• Try it
Every line below from the one containing "地稅局、國稅局、物價局、財金" through the one containing "Entdecken Sie den" is to be printed exactly, with the pictures omitted.

• Provided records
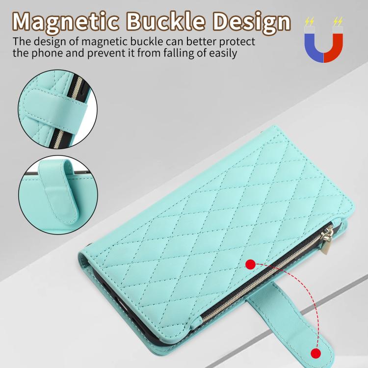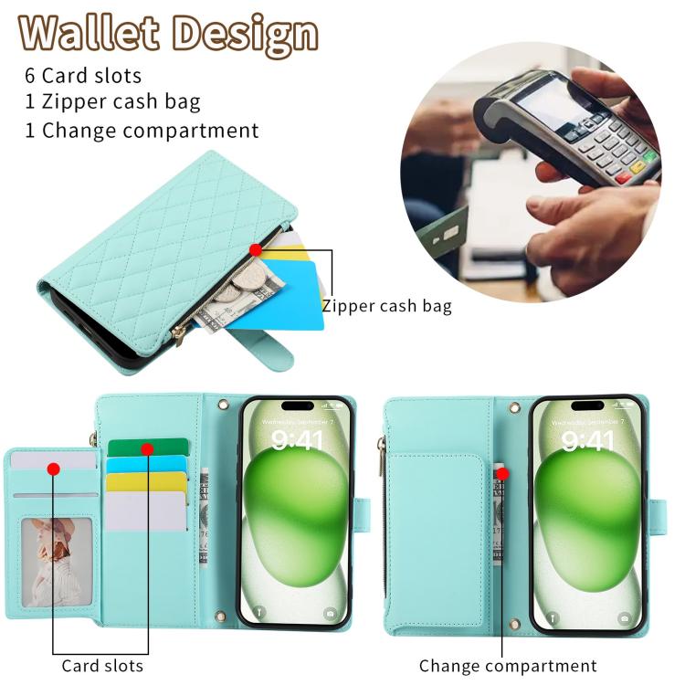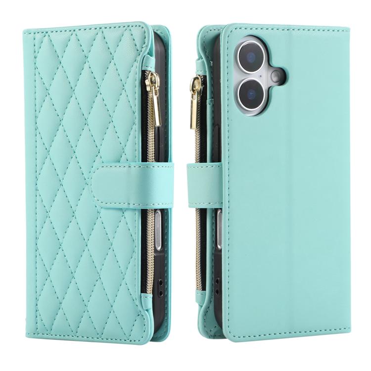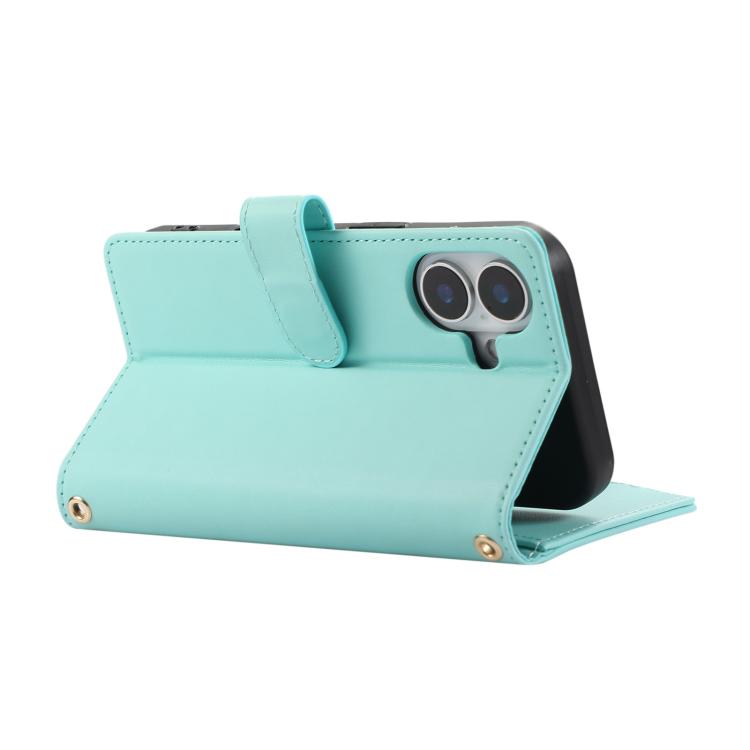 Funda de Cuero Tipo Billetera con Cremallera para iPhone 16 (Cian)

...

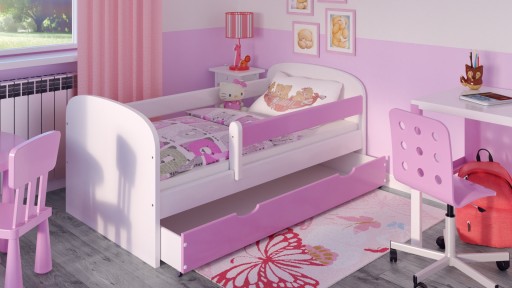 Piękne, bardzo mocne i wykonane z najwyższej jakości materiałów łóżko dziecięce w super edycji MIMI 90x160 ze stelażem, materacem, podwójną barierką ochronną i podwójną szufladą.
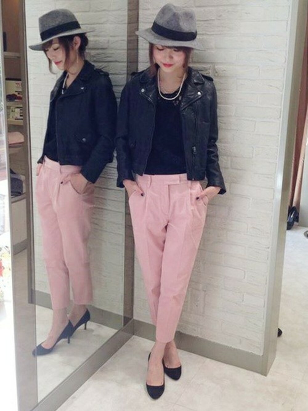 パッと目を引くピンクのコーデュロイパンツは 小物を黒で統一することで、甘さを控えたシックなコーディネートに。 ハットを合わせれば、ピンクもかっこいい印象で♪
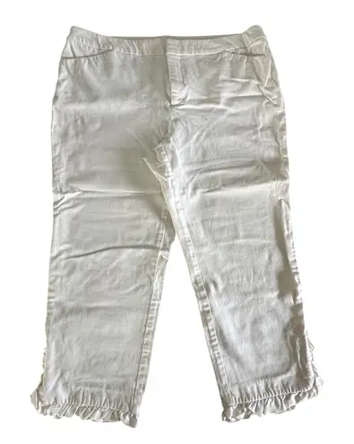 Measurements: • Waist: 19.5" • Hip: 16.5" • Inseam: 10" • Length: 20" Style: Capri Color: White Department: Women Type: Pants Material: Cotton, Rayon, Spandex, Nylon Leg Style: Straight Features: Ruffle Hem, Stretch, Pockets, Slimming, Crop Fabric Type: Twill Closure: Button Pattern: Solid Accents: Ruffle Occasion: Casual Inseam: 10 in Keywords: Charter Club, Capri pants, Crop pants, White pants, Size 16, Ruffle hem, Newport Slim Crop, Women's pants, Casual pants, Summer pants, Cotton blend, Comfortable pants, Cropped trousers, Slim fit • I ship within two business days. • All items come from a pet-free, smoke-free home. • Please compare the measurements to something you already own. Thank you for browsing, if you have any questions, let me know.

---

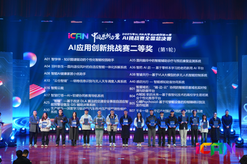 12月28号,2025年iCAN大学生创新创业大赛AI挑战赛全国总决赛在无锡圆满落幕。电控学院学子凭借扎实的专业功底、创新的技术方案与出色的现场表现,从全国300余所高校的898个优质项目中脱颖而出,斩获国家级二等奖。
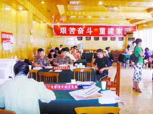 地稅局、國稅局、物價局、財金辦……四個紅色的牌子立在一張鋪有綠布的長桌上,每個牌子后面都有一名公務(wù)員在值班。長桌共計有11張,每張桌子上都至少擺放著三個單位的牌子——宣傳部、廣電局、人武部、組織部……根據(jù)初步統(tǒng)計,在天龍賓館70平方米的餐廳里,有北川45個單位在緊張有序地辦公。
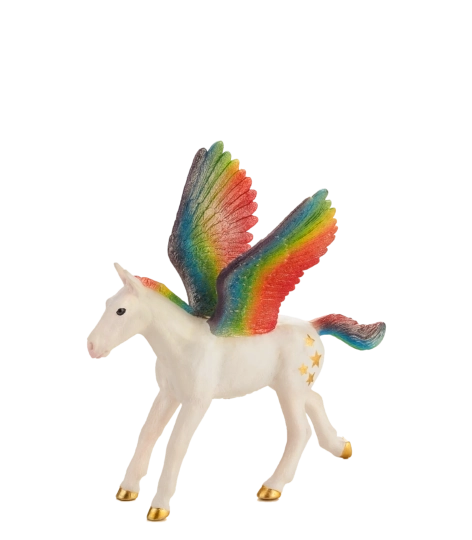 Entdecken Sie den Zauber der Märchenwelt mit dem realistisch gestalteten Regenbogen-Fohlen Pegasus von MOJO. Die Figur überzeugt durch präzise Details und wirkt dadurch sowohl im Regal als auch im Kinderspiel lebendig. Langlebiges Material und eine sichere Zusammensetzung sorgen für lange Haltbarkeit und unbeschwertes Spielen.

• Answer section
 地稅局、國稅局、物價局、財金辦……四個紅色的牌子立在一張鋪有綠布的長桌上,每個牌子后面都有一名公務(wù)員在值班。長桌共計有11張,每張桌子上都至少擺放著三個單位的牌子——宣傳部、廣電局、人武部、組織部……根據(jù)初步統(tǒng)計,在天龍賓館70平方米的餐廳里,有北川45個單位在緊張有序地辦公。
 Entdecken Sie den Zauber der Märchenwelt mit dem realistisch gestalteten Regenbogen-Fohlen Pegasus von MOJO. Die Figur überzeugt durch präzise Details und wirkt dadurch sowohl im Regal als auch im Kinderspiel lebendig. Langlebiges Material und eine sichere Zusammensetzung sorgen für lange Haltbarkeit und unbeschwertes Spielen.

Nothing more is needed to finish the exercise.